By all accounts, the meeting did not go smoothly. Uniformly, the Department of Justice/INS attendees saw Farbrother as arrogant. Gorelick told the OIG that she was "shocked" by Farbrother's attitude during a meeting at which she hoped participants would work through a difficult issue. Farbrother, in her view, came in and tried to tell the Department of Justice what to do in a tone she characterized as "peremptory." In any event, Gorelick asked Farbrother (and, by implication, Lyons) to leave the meeting so she could discuss these issues with Department of Justice and INS personnel.483

      1. INS responds to the meeting with the Deputy Attorney General

After Farbrother and Lyons had departed, Gorelick turned to the INS staff and noted that Farbrother was on point in one area—that the hiring of extra field staff was moving very slowly and that something had to be done about that.Gorelick believed that Farbrother's proposal to delegate authority to waive any and all rules was completely inappropriate; however, she said that it was important for INS to attempt to meet their announced goals as she believed the naturalization backlog was unconscionable. She told the OIG that she decided INS should develop its own methods to accelerate the hiring process by doing the "right thing" and addressing the problems without waiving every rule. In addition, she tasked INS with developing ways to streamline the naturalization process.

Afterwards, the INS staff met in Deputy Commissioner Sale's conference room. There, members of the budget and management staff were assigned the task by Sale of immediately drafting a memorandum to Field managers delegating hiring authority. Field Operations was told to contact managers in the Key City Districts to compile by the following Monday (March 25) a list of requests for additional funds for hiring. The Office of Programs was tasked with compiling a list of streamlining ideas that could be quickly implemented to speed up adjudications in the Field.

INS staff at Headquarters and in the five Key City Districts worked over the weekend of March 23-24 to develop these plans. On Tuesday, March 26, 1996, Sale issued a memorandum delegating full authority to District Directors in the five Key City Districts "to utilize the most appropriate, expedient methods to recruit and hire temporary employees" for CUSA. This memorandum also notified the District Directors that they would receive funds equal to a 20 percent increase in their naturalization staff to be applied toward reaching the goals of CUSA. Finally, Sale's memorandum gave them discretionary authority to transfer allocated funds as needed to accomplish the goals and objectives of CUSA.484

The March 26 memorandum set out various recruiting and hiring options, including the use of employees from other agencies and reemploying (on a temporary basis) retired federal workers. Ultimately, however, these options were not utilized. The Districts either recruited locally or hired from the OPM Registers of Eligible Applicants and did not eliminate or waive any required steps.

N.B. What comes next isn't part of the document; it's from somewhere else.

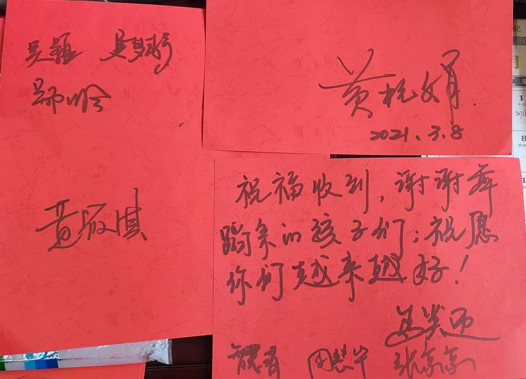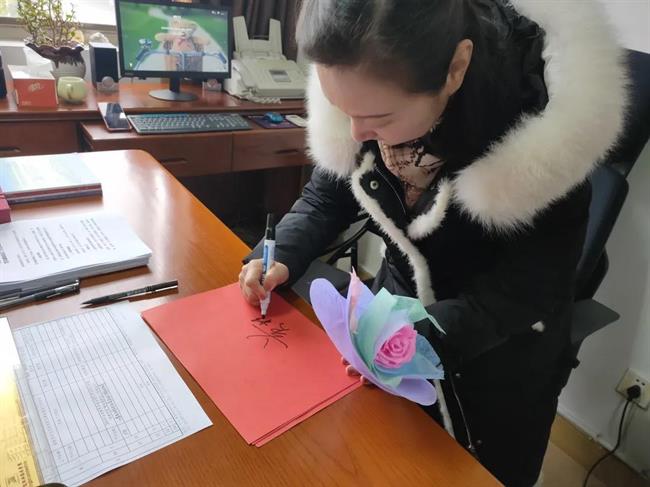 3月8日清晨,同學們將一朵朵五顏六色的花束獻給平日里辛勤澆灌藝術(shù)之花的老師們,這是一種愛的回饋。老師們接過“鮮花”,露出開心的笑容,她們在簽名簿上簽字,留下了溫暖的印記。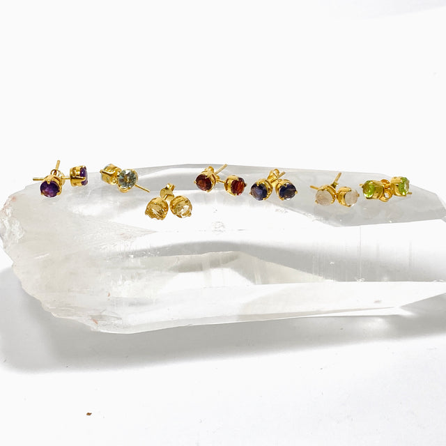 Small yet sparkling, these gold-plated gemstone studs are perfect for everyday wear. Available in a variety of stones, each adds a personal touch of colour and energy.

The March 26 memorandum did, however, accelerate two aspects of the hiring process for new CUSA employees—the background check and drug testing procedures. As discussed in the overview chapter of this report, after this memorandum was issued INS brought staff on board using "pre-appointment waivers" while their full background check was ongoing. This meant that the applicant had met certain prerequisites, such as a fingerprint and credit check, and that the applicant was allowed to begin working conditionally until the full background check was completed.485 No background check requirements were waived or eliminated. The Deputy Commissioner's March 26 memorandum also streamlined the drug-testing procedure for new CUSA hires but did not eliminate the requirement that all prospective INS employees take and pass a drug-screening test. Under the new procedure, job applicants received collection kits and custody documents at the time of their employment interview and INS sent them directly to a designated collection site. This procedure eliminated the need for applicants to report to a collection site later.

Finally, in the wake of the meeting with Deputy Commissioner Sale, INS' Office of Programs worked to develop "streamlining" ideas that would speed adjudications in the Field. This process entailed substantial "back and forth" between Programs and Field Operations, with Field Operations claiming that the proposals made by Programs went too far in the name of streamlining. The result of this effort was a memorandum entitled "Naturalization Process Changes," signed on May 1, 1996, by Associate Commissioner Crocetti, and sent to INS regional directors, district directors, officers-in-charge, and ADDEs.486

The May 1 memorandum suggested several changes in the naturalization process, some of which—like mass testing and providing applicants with a definitive list of documents to bring to an interview in order to reduce continuances—might have helped reduce the backlog with little risk to the quality of adjudications. Other suggestions in the memorandum appeared to be a further erosion of adjudication standards, particularly INS' decision to reduce the required wait time for A-files from 6 months to 30 days.487 Another proposal, never implemented, was to exempt applicants from the required English and civics tests based on "academic completion records," such as a high school diploma.

The May 1 memorandum also mentioned a plan to redesign the N-400 application form to include "data collection for voter registration."488 Although this plan never reached fruition, it reflects attention by INS to the voter registration issue.489

      1. INS parts company with NPR

The relationship between the NPR and INS quickly deteriorated following the March 22 meeting in Deputy Attorney General Gorelick's office. Farbrother, for his part, felt that he had become persona non grata at INS. His trips to field offices soon ceased and his contact with INS was limited. Lyons, however, made subsequent trips to New York.490 Farbrother made one final trip to the West Coast during the week of March 25 and continued his unsuccessful efforts to encourage other agencies to detail employees to INS.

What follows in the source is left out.